This repository will include:

1. Maternal Outcomes (disease-related outcomes, depression, social support, breastfeeding and pregnancy-related outcomes):

* Obtained via interviews, surveys, and medical record review during pregnancy planning, pregnancy (Baseline and 36w gestation) and postpartum (1, 4, 8, 12M)
* Maternal radiographic information will be collected from data available in the medical records. \[Radiographic information will be information captured from the medical record, not obtained during the study visits. No radiology exams will be conducted as part of this research study. If deemed necessary for the subject's routine clinical care, the investigators will record the results of an MRI within 12M postpartum.\]
2. Infant Outcomes (growth, development, immunization, infection, breastfeeding, etc.)

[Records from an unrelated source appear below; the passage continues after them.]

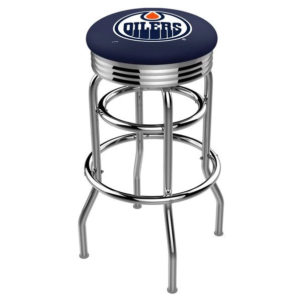Made for the ultimate sports fan, you will be proud to show where your loyalty lies with this impressive Officially Licensed stool from the Holland Bar Stool Co. This L7C3C double ring swivel stool has a style that brings you back in time featuring a 2.75" chrome ribbed accent ring that conceals the swivel for a very clean look. A state of the art print process is used in applying specially formulated UV vinyl ink in numerous stages to produce a sharp, crisp, clear image to ensure a perfect reproduction of the logo. You won't find a higher quality logo stool on the market. The frame is made from commercial grade steel that is strong, durable, and triple chrome-plated to guarantee a long-lasting, rich finish capable of withstanding the abuse of your rowdiest of friends for years to come. The cushion seats are of the highest quality as well, utilizing a breathable, commercial grade vinyl. At the heart of the cushion is 2 1/2 inches of highly-dense foam that provides maximum support and will not breakdown in a couple years. If you're going to finish your bar, game room, or man cave do it right- with a logo stool made by the Holland Bar Stool Co.
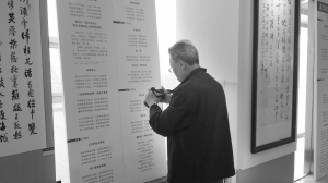 “你看,这次展出的书画作品,真、行、草、隶、篆五体俱全,既有雄强豪放的草书,又有精致典雅的小楷,隶书沉厚,篆书婉通,行书飞动,风格多样,流派纷呈,真不错!”在会展大厅一侧的周口老年人体育诗书画展区,市民刘先生全面欣赏了参展作品后,赞叹不已。展厅内,喜爱书画作品的市民中,有的驻足细细琢磨,并不时发出赞叹之声,有的拿起手中的相机,拍摄下难得的艺术佳作。今年86岁的马怀普(音)老人是周口市诗词学会会员,由于这次参展作品要求内容必须跟体育相关,老人没能提交自己满意的作品,他为此专门拿着相机把展厅里的诗词作品一一拍下,想看看别人的作品都写了什么,好回家学习学习。
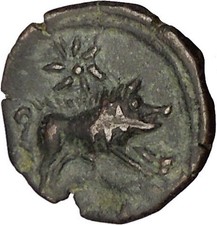 CASTULO in SPAIN 2ndCenBC Male BOAR Star Authentic Ancient Greek Coin i54004

* Obtained via medical record review (up to 12M)
* Monitored via maternal completion of the Ages and Stages Questionnaires-Version 3 (ASQ3) to track infant development outcomes (communication, gross motor, fine motor, problem solving, and person-social) at 2, 4, 6, 8, 10, and 12M of age.
3. Biospecimen Collection, Storage \& Later Batch Analysis:

* Maternal blood samples will be collected for up to the following time points: Baseline (including if planning pregnancy), 3M gestation, 6M gestation, 8M gestation, 1M postpartum, 3M postpartum, and 6M postpartum. Samples will be processed and stored as serum, plasma and peripheral blood mononuclear cells (PBMCs).
* Serial breastmilk samples will be collected, for both before and after treatment if applicable, and up to 2-3 years postpartum. These samples will be used to determine the concentrations of medications in breastmilk relative to maternal serum.
* Serial maternal and infant gut microbiome samples will be collected before and after treatment (anytime during the lactation period which can extend up to 2-3 years postpartum) to determine the effect of mAb treatment on gut microbial populations in mothers and infants. Mothers will be asked to complete food frequency questionnaires for themselves and their infants at the time of each sample collection.
* Maternal vaginal swab sample will be collected in their 36 weeks of gestation (OR 8M pregnancy) to determine the effect of mAb treatment on vaginal microbial populations in mothers. Mothers will be asked to complete questionnaires regarding their diet and medication for themselves at the time of each sample collection.
* Serial maternal blood samples will be collected (including before and post treatment) anytime up to 2-3 years postpartum. These samples will be used to determine concentrations of medications in breastmilk relative to serum and to determine the effect of maternal treatment on mother and infant gut microbiome.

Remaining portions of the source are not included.